Post 3 of Towards Causal Foundations of Safe AGI, preceded by Post 1: Introduction and Post 2: Causality.

By Matt MacDermott, James Fox, Rhys Ward, Jonathan Richens, and Tom Everitt representing the Causal Incentives Working Group. Thanks also to Ryan Carey, Toby Shevlane, and Aliya Ahmad.

The purpose of this post is twofold: to lay the foundation for subsequent posts by exploring what agency means from a causal perspective, and to sketch a research program for a deeper understanding of agency.

The Importance of Understanding Agency

Agency is a complex concept that has been studied from multiple perspectives, including social sciencephilosophy, and AI research. Broadly it refers to a system able to act autonomously. For the purposes of this blog post, we interpret agency as goal-directedness, i.e. acting as if trying to direct the world in some particular direction.

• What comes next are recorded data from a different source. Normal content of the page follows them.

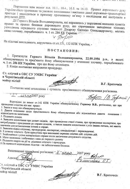 Четвертий слідчий в цій справі, незважаючи на те, що у всіх, без винятку автотехнічних експертизах, навіть у тій, що мене звинувачує і в обвинуваченні Дікарєва Є. державною мовою сказане: «Зіткнення сталося на заасфальтованому узбіччі дороги…», звинувачуючи мене, 31 січня 2007 року написав у постанові: «…не надав дорогу транспортному засобу, що рухався по рівнозначній дорозі в зустрічному напрямку, … внаслідок чого «Мерседес» Дікарєва Є., який рухався по рівнозначній дорозі в зустрічному напрямку скоїв зіткнення з автомобілем під керуванням Горного В.»
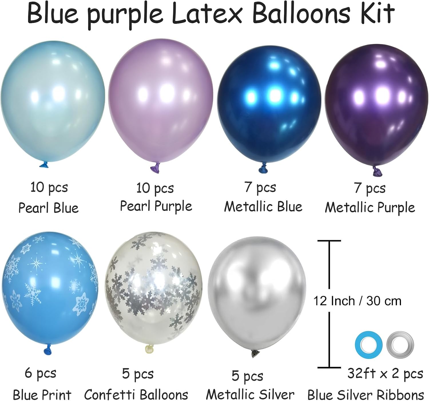 • 【Blue and Purple Silver Balloons Kit】: Our snow balloon blue purple silver party balloons decorations can add atmosphere to your party. silver blue purple balloon is the perfect decoration for happy occasions or celebratory moments such as blue silver themed parties,birthday decorations, princess winter party decorations, decorations suitable for both indoor and outdoor events.
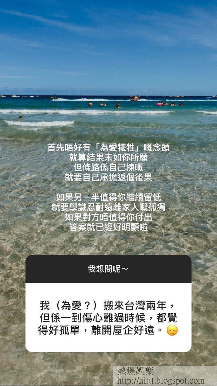 蔣雅文指早在結婚前,已同老公約定8年期限一到就離開台北。(IG:@yawen_j)

There are strong incentives to create more agentic AI systems. Such systems could potentially do many tasks humans are currently needed for, such as independently researching topics, or even run their own companies. However, making systems more agentic comes with an additional set of potential dangers and harms, as goal-directed AI systems could become capable adversaries if their goals are misaligned with human interest.

A better understanding of agency may let us:

  • Understand dangers and harms from powerful machine learning systems.
  • Evaluate whether a particular ML model is dangerously agentic.
  • Design systems that are not agentic, such as AGI scientists or oracles, or which are agentic in a safe way.
  • Lay a foundation for progress on other AGI safety topics, such as interpretability, incentives, and generalisation.
  • Preserve human agency, e.g. through a better understanding of the conditions under which agency is enhanced or diminished.

Degrees of freedom

(Goal-directed) agents come in all shapes and sizes – from bacteria to humans, from football teams to governments, and from RL policies to LLM simulacra – but they share some fundamental features.

First, an agent needs the freedom to choose between a set of options.[1] We don’t need to assume that this decision is free from causal influence, or that we can’t make any prediction about it in advance – but there does need to be a sense in which it could either go one way or another. Dennett calls this degrees of freedom.

For example, Mr Jones can choose to turn his sprinkler on or not. We can model his decision as a random variable with “watering” and “not watering” as possible outcomes:

Degrees of freedom can be captured by the possible outcomes of a random variable

Freedom comes in degrees. A thermostat can only choose heater output, while most humans have access to a range of physical and verbal actions.


Second, in order to be relevant, an agent’s behaviour must have consequences. Mr Jones decision to turn on the sprinkler affects how green his grass becomes:

Mr Jones’ sprinkler influences grass greenness.

The amount of influence varies between different agents. For example, a language model’s influence will heavily depend on whether it only interacts with its own developers, or with millions of users through a public API, and causal influence of our actions seems to determine sense of agency in humans. Suggested measures of influence include (causalchannel capacityperformative power, and power in Markov decision processes.


Third, and most importantly, goal-directed agents do things for reasons. That is, (they act as if) they have preferences about the world, and these preferences drive their behaviour: Mr Jones turns on the sprinkler because it makes the grass green. If the grass didn’t need water, then Mr Jones likely wouldn’t water it. The consequences drive the behaviour.

This feedback loop, or backwards causality, can be represented by adding a so-called mechanism node to each object-level node in the original graph. The mechanism node specifies the causal mechanism of its associated object-level node, i.e. how the outcome of the object-level node is determined by its object-level parents. For example, a mechanism node for the sprinkler specifies Mr Jones’ watering policy, and a mechanism node for the grass specifies how the grass responds to different amounts of water:[2]

A mechanised causal graph showing Mr Jones’ adaptation to changes in the environment. Mechanism nodes are dotted red, object-level nodes are solid blue.

By explicitly representing causal mechanisms with nodes, we can consider interventions on them. For example, an intervention on grass mechanism might change the type of grass to one that requires less water. The link from grass mechanism to sprinkler policy says that such an intervention could influence Mr Jones’ watering habits.[3] That is, he would adapt his behaviour to still achieve his goal.

Given the right variables and experiments, adaptation can be detected with causal discovery algorithms, and can thereby potentially be used to discover agents. In particular, when one mechanism variable adapts to changes in another, the first may belong to a decision node and the second to a utility node that the decision is optimising. If the agents are ideal game-theoretic players, refinements of these conditions yield necessary and sufficient criteria for detecting decision and utility nodes.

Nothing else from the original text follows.